What the task asks> Print the records below exactly, from the line containing "de Fortaleza 2024." down to the line containing "Размораживатель AVS, для", both lines included, and omit every picture.

___ The input

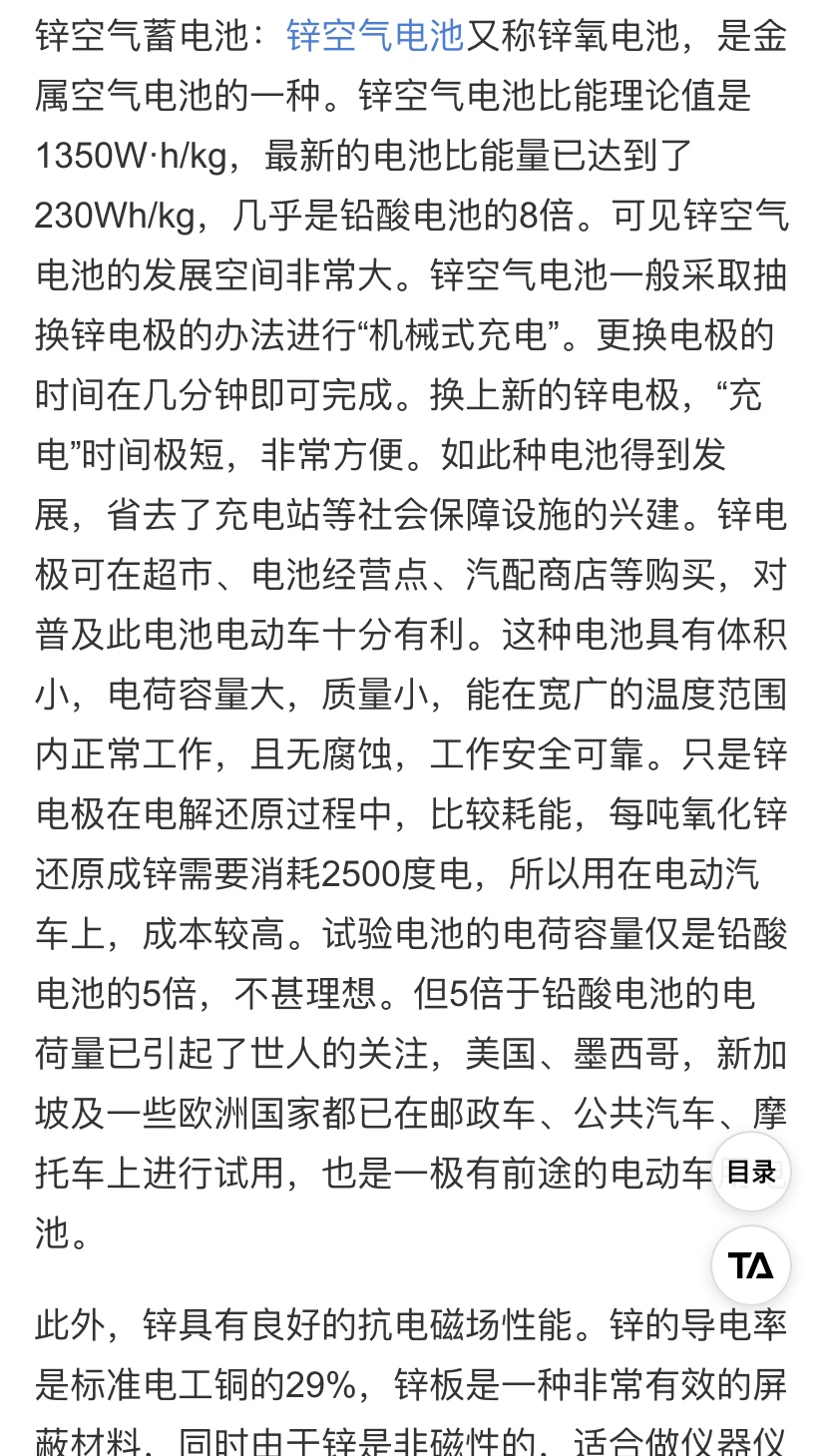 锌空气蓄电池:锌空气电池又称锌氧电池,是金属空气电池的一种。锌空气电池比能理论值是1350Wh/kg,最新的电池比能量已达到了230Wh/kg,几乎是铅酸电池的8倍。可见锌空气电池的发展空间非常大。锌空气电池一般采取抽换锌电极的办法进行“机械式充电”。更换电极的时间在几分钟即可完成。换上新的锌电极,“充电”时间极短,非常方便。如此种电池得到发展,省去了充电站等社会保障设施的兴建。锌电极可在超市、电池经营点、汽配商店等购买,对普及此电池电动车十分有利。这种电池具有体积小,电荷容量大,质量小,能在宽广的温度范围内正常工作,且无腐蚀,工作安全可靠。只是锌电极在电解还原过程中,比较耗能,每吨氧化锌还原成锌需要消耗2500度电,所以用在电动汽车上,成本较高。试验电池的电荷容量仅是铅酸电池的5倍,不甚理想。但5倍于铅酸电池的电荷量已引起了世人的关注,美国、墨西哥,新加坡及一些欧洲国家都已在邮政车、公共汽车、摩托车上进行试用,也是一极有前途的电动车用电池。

______
___ The input

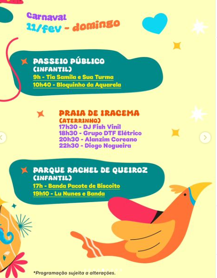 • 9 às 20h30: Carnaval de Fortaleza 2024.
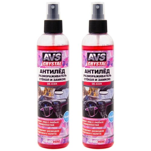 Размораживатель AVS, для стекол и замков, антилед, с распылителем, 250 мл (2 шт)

______
___ The input

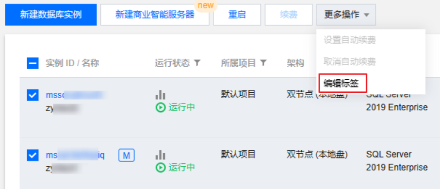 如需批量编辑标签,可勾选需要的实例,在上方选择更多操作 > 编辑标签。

______

Answer box>
 • 9 às 20h30: Carnaval de Fortaleza 2024.
 Размораживатель AVS, для стекол и замков, антилед, с распылителем, 250 мл (2 шт)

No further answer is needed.